City council members on Wednesday grilled education department officials on school segregation at a joint hearing of the Education Committee and Civil and Human Rights Committee.
The sharp questions and answer session took place just weeks before the 65th anniversary of the landmark Brown v. Board of Education decision.
The atmosphere was a stark departure from just five years ago, when council members questioned education department officials about diversity issues in a school system that remains among the most segregated in the country. Back then, Mayor Bill de Blasio and his previous schools chancellor, Carmen Fariña, steadfastly refused to even mention the words “integration” or “segregation.”
Battle lines remained hardened around the what to do about the lack of diversity in the specialized high schools, a debate that overshadowed much of the hearing. Some council members tried to strike a delicate balance between the need for reforms and listening to the concerns of the Asian community, whose children make up a majority of the schools’ students.
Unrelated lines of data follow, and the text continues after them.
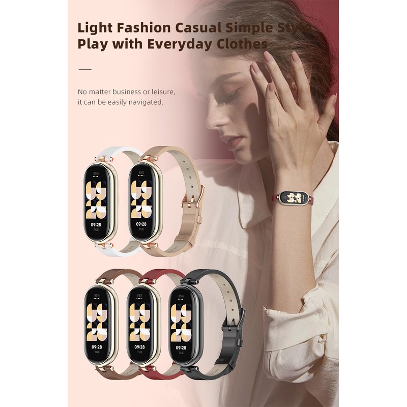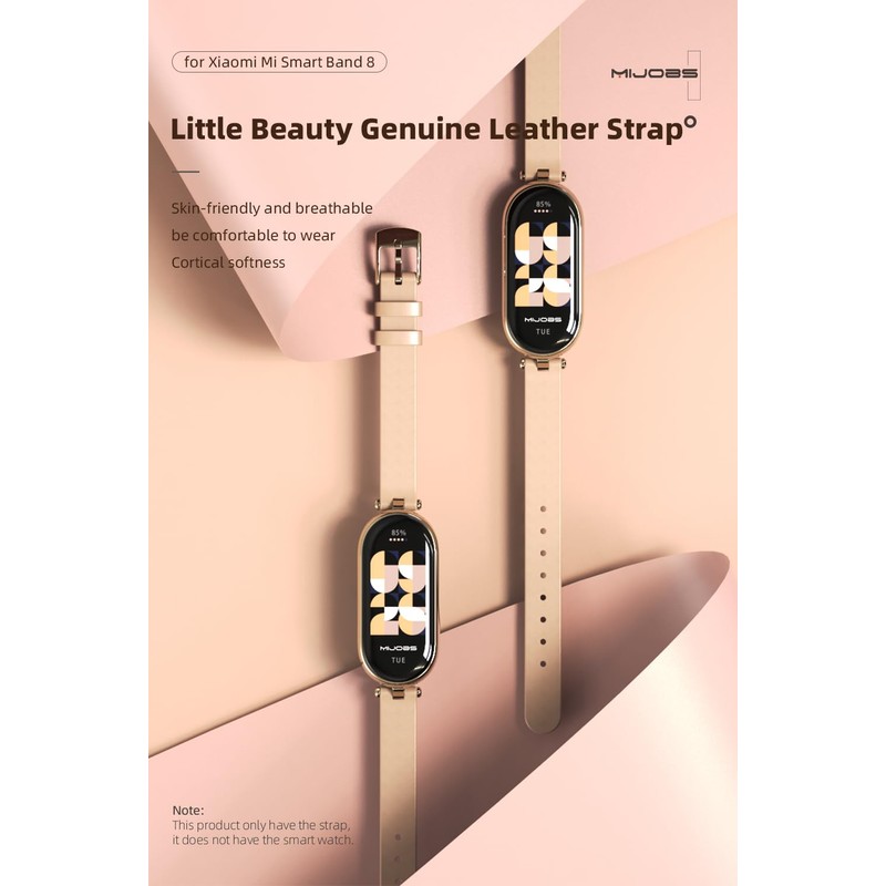 MIJOBS Strap for Xiaomi Mi Band 8 /Mi Band 9 Genuine Leather Replacement Straps for Mi Fit Band 9/8 Breathable SmartWatch Straps Wristband Bracelet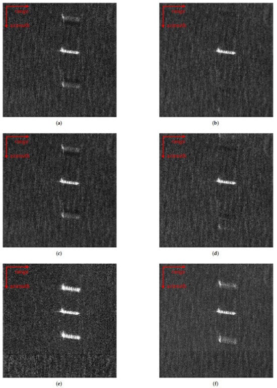 Imaging results after azimuth undersampling: (a) result of ISTA-Net with 80% azimuth undersampling; (b) result of AAS-Net with 80% azimuth undersampling; (c) result of ISTA-Net with 60% azimuth undersampling; (d) result of AAS-Net with 60% azimuth undersampling; (e) result of ISTA-Net with 30% azimuth undersampling; (f) result of AAS-Net with 30% azimuth undersampling.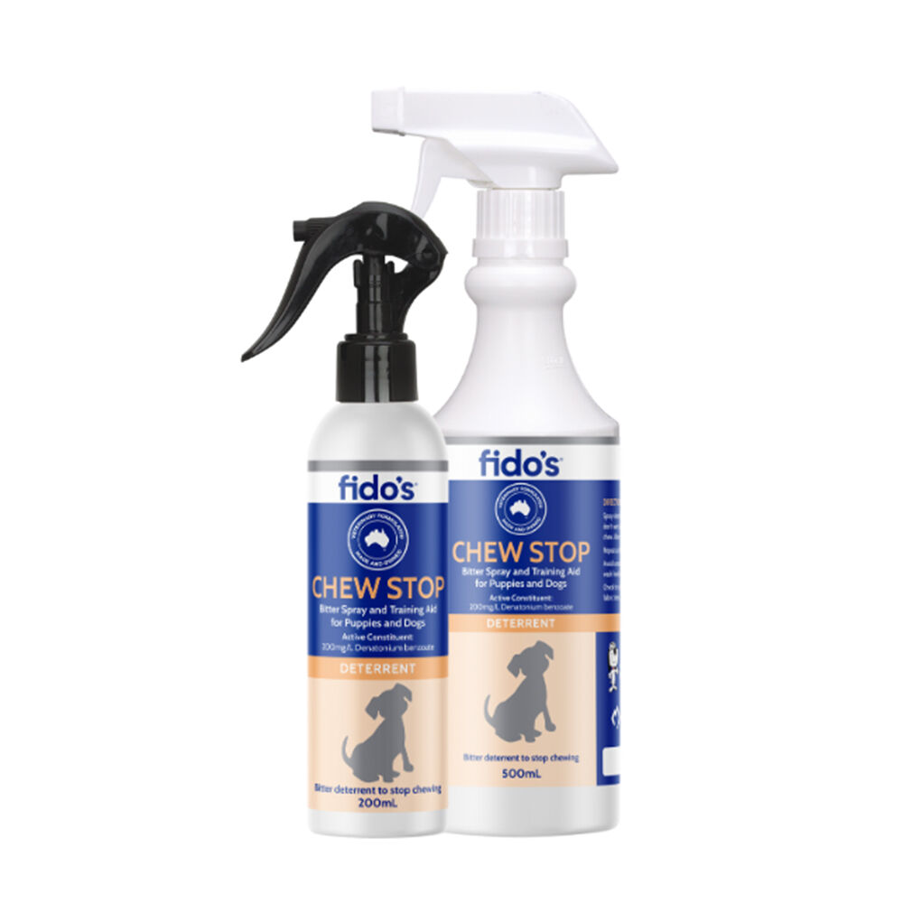 Fido's Chewstop is a bitter spray that most dogs find to be distasteful and extremely revolting! Used as a training aid, the Fido's Chewstop may be the answer to stop your dog chewing your plants, furniture, shoes or your other dog's collar!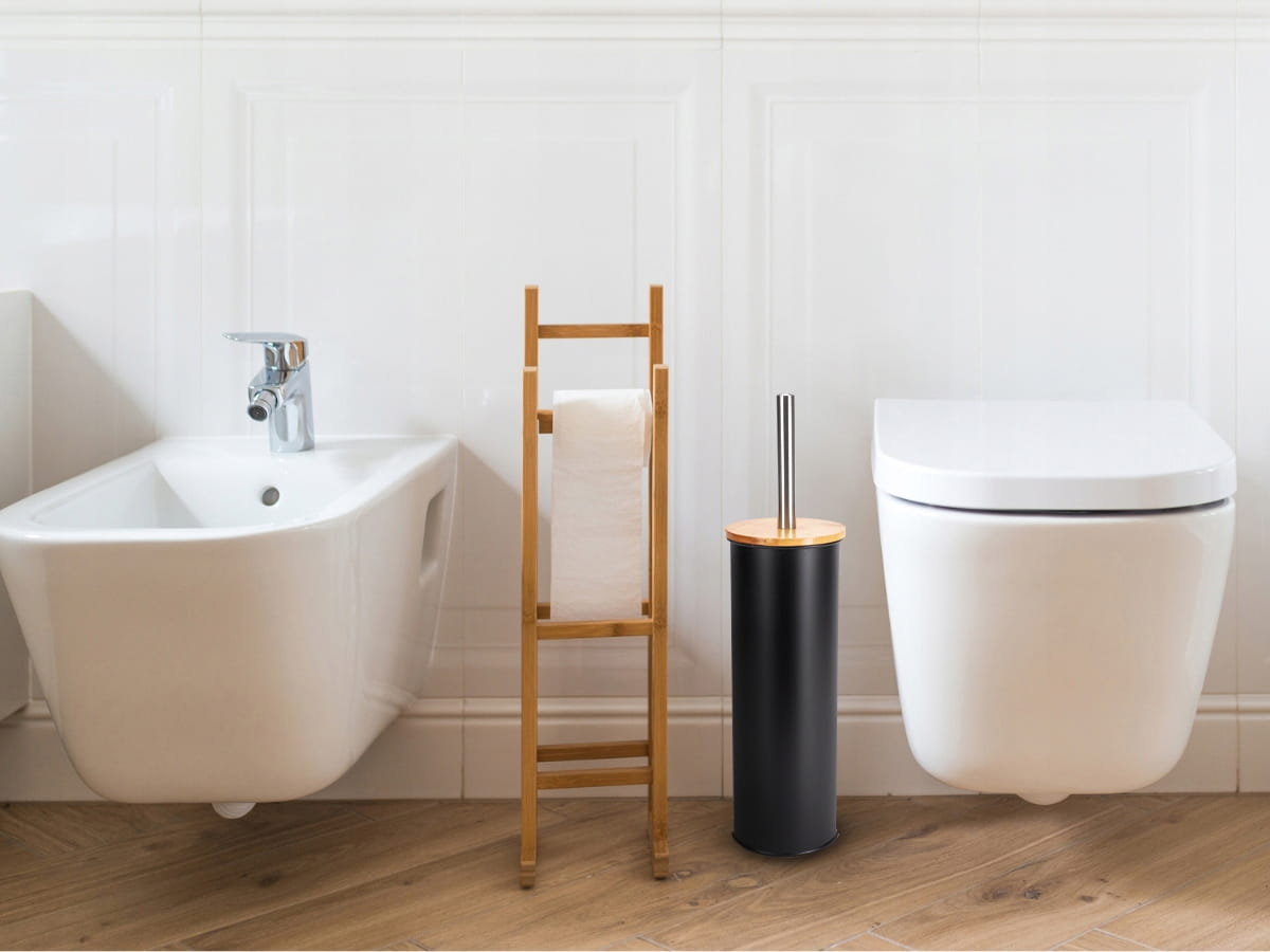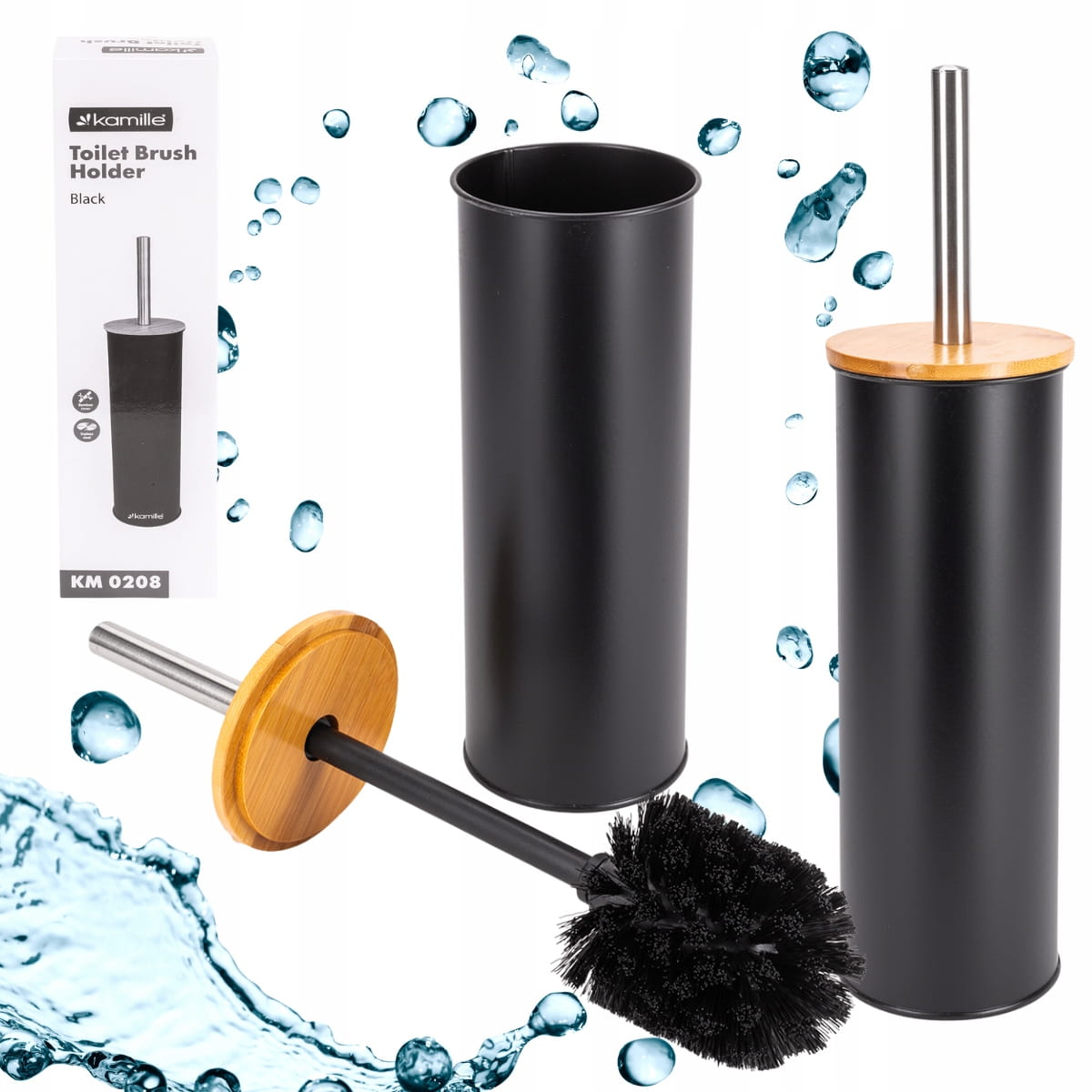 Nowoczesny i elegancki zestaw wykonany z wysokiej jakości stali malowanej na czarny kolor, bambusu i tworzywa sztucznego. Zestaw do czyszczenia toalety Kamille został stworzony z myślą o tych, którzy cenią sobie wygodę, trwałość i elegancję nawet w najbardziej praktycznych aspektach codziennego życia. Szczotka do toalety Kamille jest nie tylko łatwa w użyciu, ale również prosta w czyszczeniu, co czyni je idealnym wyborem zarówno do domu, jak i obiektów publicznych. Produkt bardzo solidny, stąd też prezentuje się niezwykle okazale i dostojnie, będzie doskonałą ozdobą łazienek w domach, restauracjach, hotelach.

Recent polling shows that most New Yorkers want to overhaul the single-test admissions system currently enshrined in state law. But before the hearing, a group of largely Asian-American advocates protested a city proposal to overhaul admissions.
One Asian-American student testified that her community shouldn’t be painted with a single brush and that she supported integration efforts.
“Integrating our schools will reduce racial bias and counter stereotypes,” said Bonnie Tang, who attended city public schools and is now in college.
Carranza touched on the undertones of the frequent argument that changing the admissions method would dampen academic quality.
“I will call that racist every time I hear it,” he said. “If you don’t want me to call you on it, don’t say it.”